Gli epigrammi di Marziale per accompagnare doni

di Maria Pellegrini –

Hominem pagina nostra sapit «la mia pagina ha sapore d’uomo»: con queste parole Marziale, poeta latino del I secolo d. C., rivendica alla sua opera il merito di aderire alla vita. Uno dei tratti che caratterizzano la sua poesia comico-realistica è l’uso di un linguaggio dai modi colloquiali e l’introduzione di una quantità di termini volgari od osceni rimasti per lo più esclusi dalla lingua letteraria. L’intera sua opera è intitolata Epigrammi, genere poetico di cui è ritenuto il maestro indiscusso. Gli ultimi due libri della raccolta, il XIII e il XIV, hanno rispettivamente  il nome di Xenia (doni “per gli ospiti”) e Apophoreta (doni “da portare via”). Sono brevissimi componimenti, la maggior parte scritti in distico elegiaco, e taluni di un solo verso. I primi, scritti per accompagnare i doni che amici e parenti usavano scambiarsi nelle feste dei Saturnali, i secondi, per regali distribuiti ai convitati di un banchetto e talvolta sorteggiati. Sono stati assimilati ai biglietti che accompagnano i nostri doni natalizi.

Gli Xenia sono costituiti soprattutto da cibarie e bevande che Marziale presenta in modo attraente e ingegnoso. Spesso sono gli oggetti stessi a indicare le proprie caratteristiche. Ne diamo qualche esempio. 

Per il dono di salsicce: 

Sono la figlia lucana di una scrofa del Piceno 

sarò una corona gradita alla bianca polenta. (35).

Per una cassetta di olive: 

Questa oliva sottratta ai frantoi piceni,

è la stessa che apre e chiude il pranzo. (36)

Se il regalo è un’anatra, il consiglio è: 

Che l’anatra te la servano intera: ma bontà sopraffina

sono solo il petto e la testa. Il resto rimandalo al cuoco. (52)

Anche un dono povero come le rape può diventare prezioso ricordando che Romolo, il primo re di Roma, abituato a vivere in modo frugale, era solito consumare quei prodotti della terra di così poco pregio, tanto da continuare a divorarli anche nell’aldilà:

Queste rape che ti diamo, maturate nell’invernale gelo,

sono quelle che Romolo si mangia lassù in cielo. (16)

Gradito invece doveva essere il fegato d’oca, una vera leccornia per i romani, ottenuto tenendo le oche in uno spazio ristretto e al buio per farle ingrassare, nutrendole con fichi dall’alto contenuto di zucchero per ottenere lo stesso scopo.

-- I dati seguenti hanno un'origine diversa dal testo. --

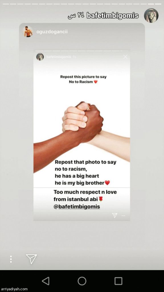 بث الفرنسي بافيتمبي جوميز، لاعب فريق الهلال الأول لكرة القدم، عبر حسابه على "إنستجرام" صورة لشخصين أبيض وأسود يسلمان على بعض، وعلّق عليها قائلًا: "لا للعنصرية".
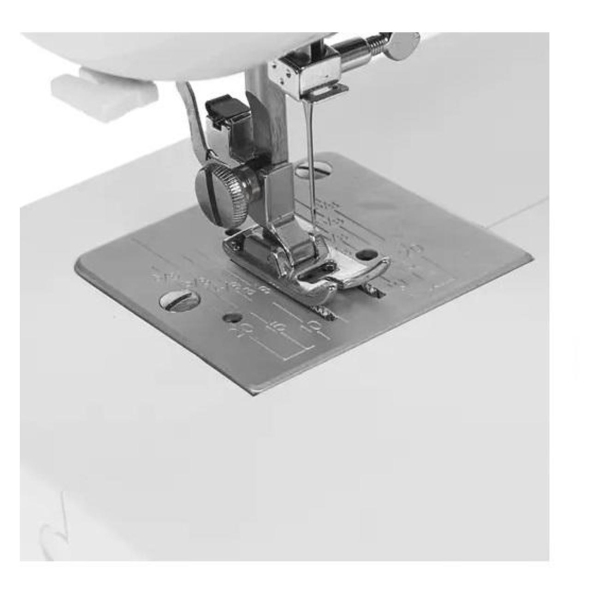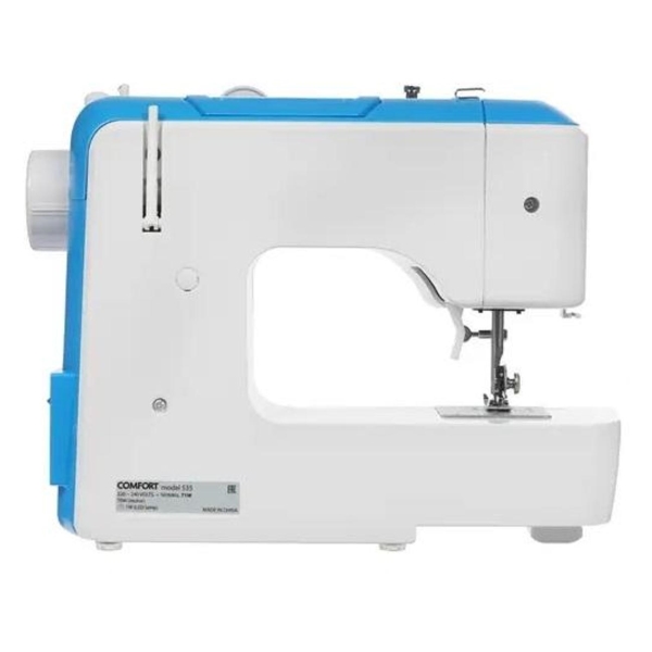 Швейная машина Comfort 535 совершает 12 швейных операций, среди которых трикотажные, оверлочные, декоративные и потайные строчки. Скорость шитья достигает 600 стеж./мин. Конфигурацией устройства предусмотрена возможность регулировки давления лапки, скорости шитья, ширины зигзагового шва, длины стежка и натяжения нити. Две штатные лапки позволяют с легкостью выполнять стандартные швы и выметывать петли. Комплект включает в себя три пластиковые шпульки, намотка нити происходит автоматически.
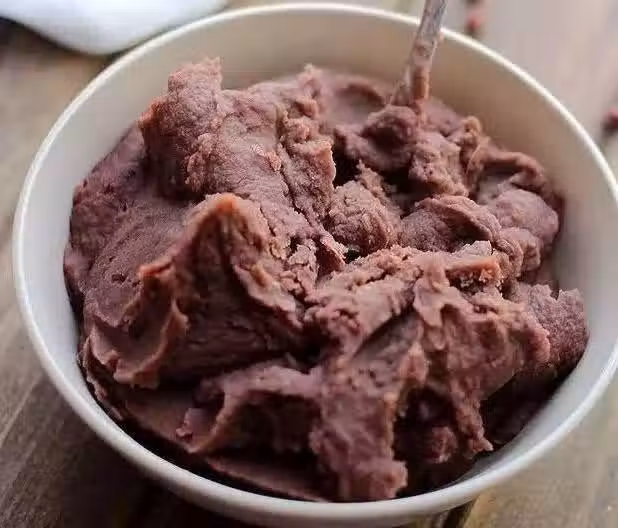最後關火後,利用餘溫再翻拌翻拌,盛出來裝碗,就是不錯的紅豆沙了。如果家裡沒有破壁機,那就用紅豆直接下鍋用黃油和白糖翻炒,這樣做出來的口感是大顆粒的,也還不錯,做包子也挺好吃,大家可以試試看。
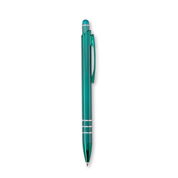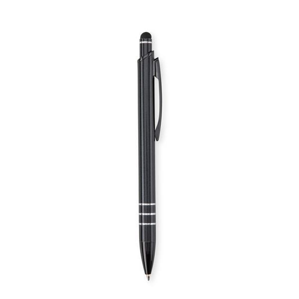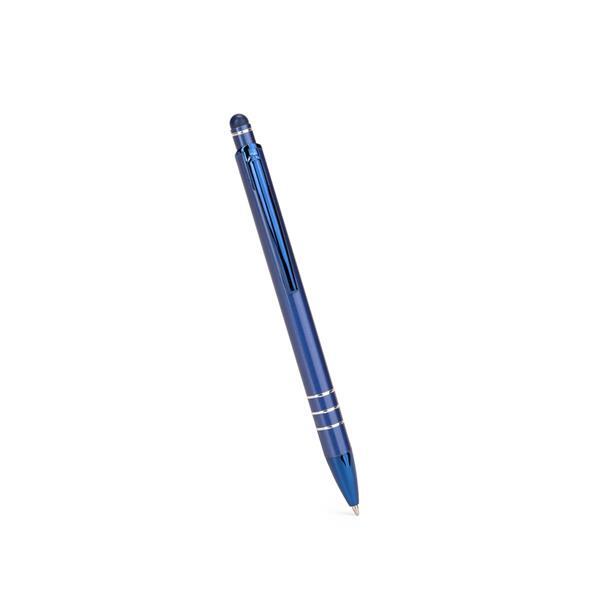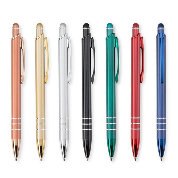 Caneta metálica com ponteira em plástico, além de detalhes na parte inferior com dois anéis prateados e topo emborrachado para interação com dispositivos de telas sensíveis ao toque. Conta com acionamento por clique e carga esferográfica azul de 1,0 mm.
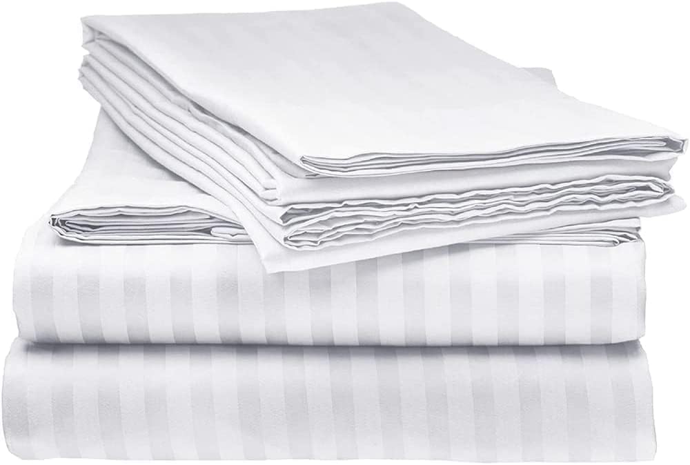 6-Piece Luxury King Size Cotton Bedsheet - Quilt Cover Set | 1 Fitted 200 * 200 Sheet + 1 Quilt Cover + 4 Pillow Cases (White)
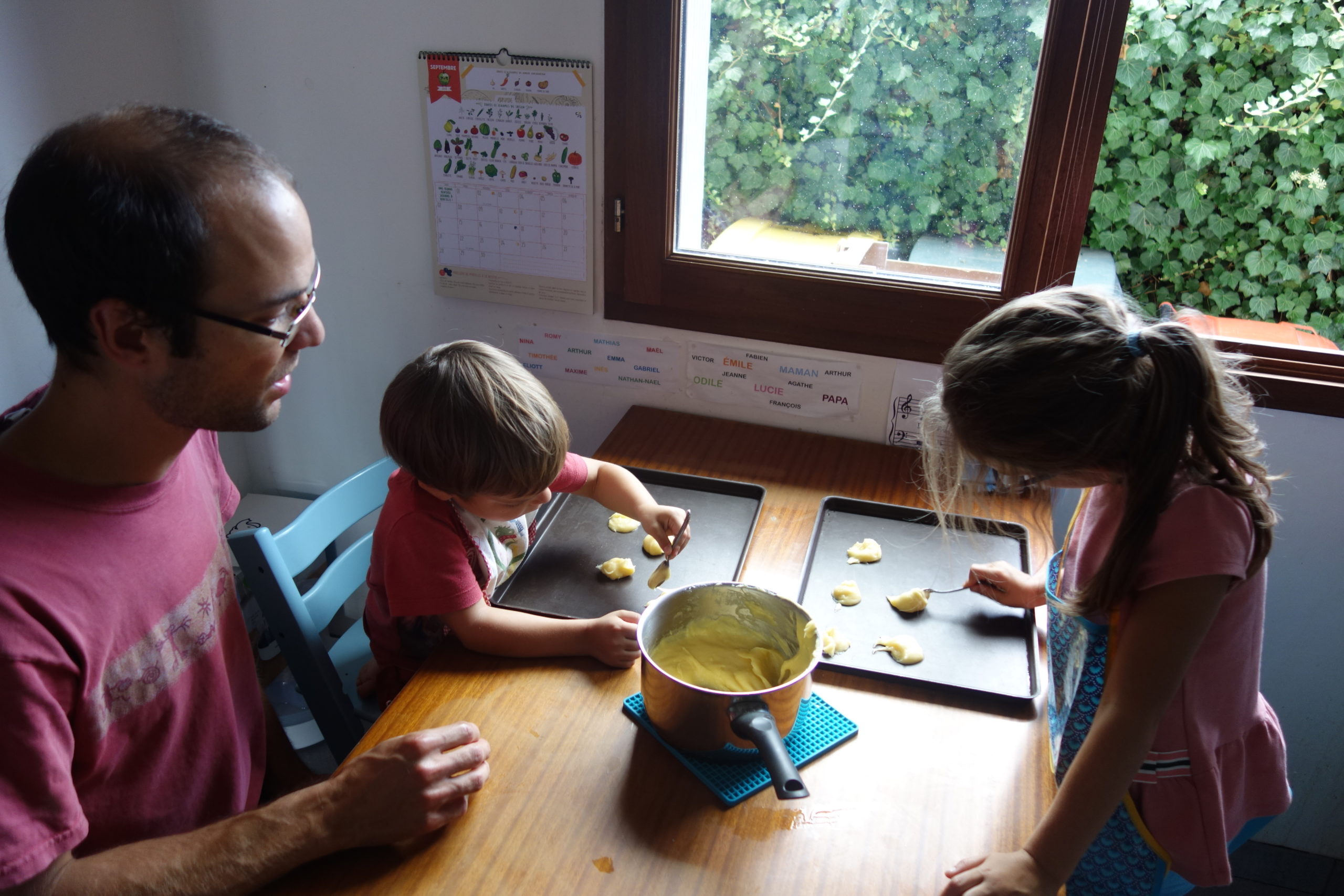 Lucie et Émile prennent plaisir à aider en cuisine. Ils sont devenus de vrais spécialistes des chouquettes ! Miam !
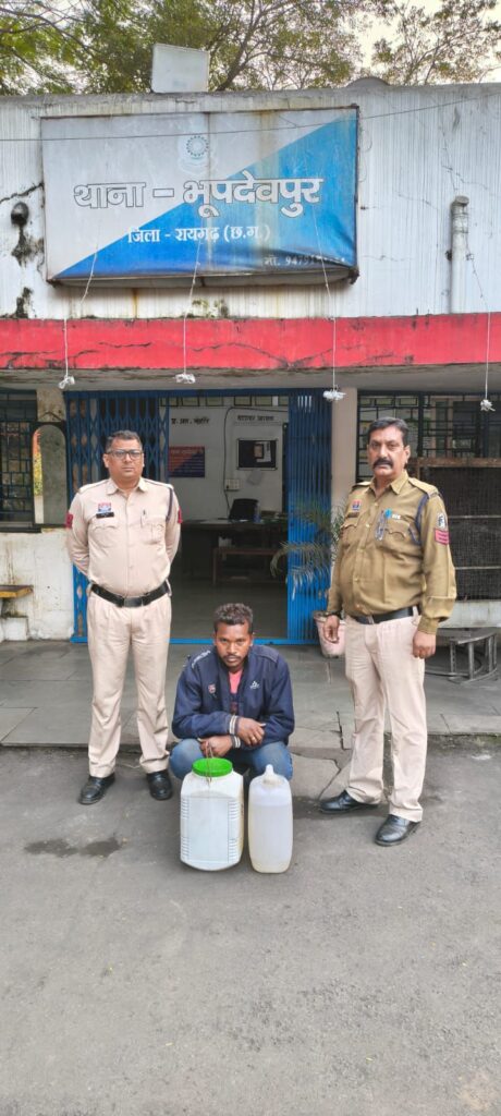 रायगढ़।थाना प्रभारी भूपदेवपुर उप निरीक्षक संजय कुमार नाग के नेतृत्व भूपदेवपुर पुलिस द्वारा अवैध शराब पर लगातार कार्यवाही की जा रही है। इसी क्रम में आज 16 नवंबर को थाना प्रभारी भूपदेवपुर के नेतृत्व में ग्राम कछार में बड़ी कार्यवाही की गई।

Il fegato si ingrossava e ed era chiamato iecur ficatum, fegato ficato (ingrassato mangiando i fichi):

Com’è grosso questo fegato, più grosso della grossa oca!

Dirai stupito: «Ma questo fegato, dove mai è cresciuto?» (58)

A partire dall’età di Augusto l’alimentazione romana si sta raffinando: iniziano a comparire cultura del cibo, abbondanza di spezie e piacere dei sapori. Sulle tavole dei ricchi sono serviti anche fenicotteri, cicogne, colombi, cigni, gru, pavoni, pappagalli, ghiri, tettine e uteri di scrofa farciti. 

Ne è testimonianza Apicio (14-37 d.C.), un patrizio gaudente e buongustaio, appassionato di particolarità gastronomiche, noto per un ricettario pervenuto non nella struttura originaria, dal quale si deducono le sue predilezioni per la selvaggina e gli animali esotici. Tutti questi animali nuovi per la cucina romana, e quelli più comuni, erano offerti in dono e Marziale li fa personaggi dei suoi versi: i Fenicotteri danno spiegazione dell’origine del loro nome: fenicottero significa, in greco, “dalle ali color della porpora” La lingua era la parte più pregiata ma la battuta del poeta la immagina viva in grado di poter rivelare quanto ha udito: 

Le mie penne rosse mi danno il nome, ma la mia lingua

piace ai golosi. E se la mia lingua sapesse parlare? (71)

Al ghiro, scelto come dono, si fanno citare abitudini per cui è noto: 

Passo tutto l’inverno dormendo: sono più grasso 

quando a nutrirmi è solamente il sonno.( 59)

Il fagiano che arrivò in Grecia dalla Colchide ricorda che il suo nome deriva dal fiume Fasi situato in quella lontana regione: 

Feci il mio primo viaggio sulla nave Argo. 

Prima conoscevo soltanto il fiume Fasi. (72)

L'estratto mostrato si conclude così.